* _Dataset records_:
⁂
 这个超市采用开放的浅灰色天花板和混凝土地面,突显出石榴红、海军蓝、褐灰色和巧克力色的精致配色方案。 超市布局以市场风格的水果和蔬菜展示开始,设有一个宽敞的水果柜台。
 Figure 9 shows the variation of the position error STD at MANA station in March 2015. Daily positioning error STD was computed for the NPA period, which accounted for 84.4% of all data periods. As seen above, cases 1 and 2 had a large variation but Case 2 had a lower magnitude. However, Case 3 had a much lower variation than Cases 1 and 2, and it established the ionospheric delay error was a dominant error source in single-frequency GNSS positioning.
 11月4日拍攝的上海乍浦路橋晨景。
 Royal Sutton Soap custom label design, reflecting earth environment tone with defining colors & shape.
⁂
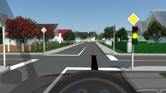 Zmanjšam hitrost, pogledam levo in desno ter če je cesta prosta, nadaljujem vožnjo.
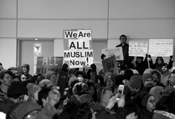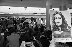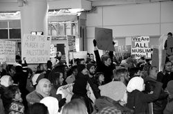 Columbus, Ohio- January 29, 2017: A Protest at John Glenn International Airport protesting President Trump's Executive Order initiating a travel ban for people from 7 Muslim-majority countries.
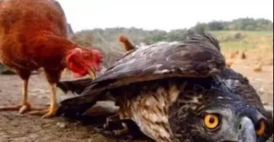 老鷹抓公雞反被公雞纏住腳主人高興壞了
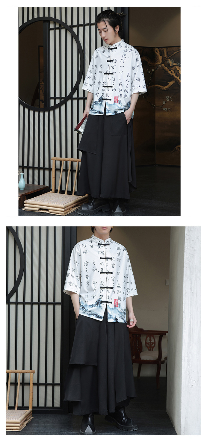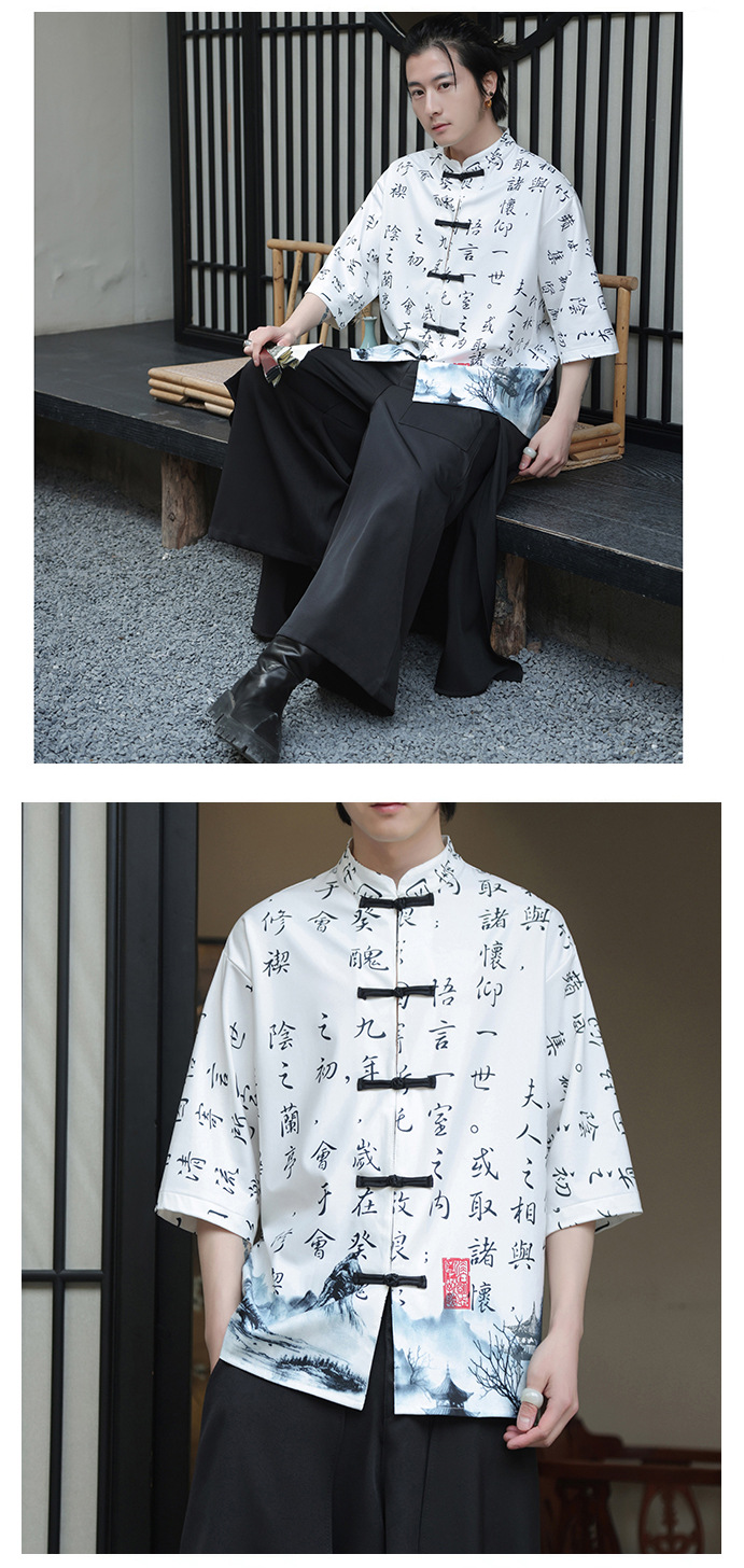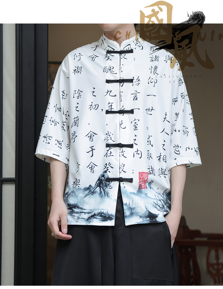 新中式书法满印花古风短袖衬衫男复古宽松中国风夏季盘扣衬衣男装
⁂
* _What you are asked to do_: Among the entries above, find the line with "Figure 9 shows" and the line with "Royal Sutton Soap"; give again exactly these two lines and all lines between them.

* _Result of the exercise_:
 Figure 9 shows the variation of the position error STD at MANA station in March 2015. Daily positioning error STD was computed for the NPA period, which accounted for 84.4% of all data periods. As seen above, cases 1 and 2 had a large variation but Case 2 had a lower magnitude. However, Case 3 had a much lower variation than Cases 1 and 2, and it established the ionospheric delay error was a dominant error source in single-frequency GNSS positioning.
 11月4日拍攝的上海乍浦路橋晨景。
 Royal Sutton Soap custom label design, reflecting earth environment tone with defining colors & shape.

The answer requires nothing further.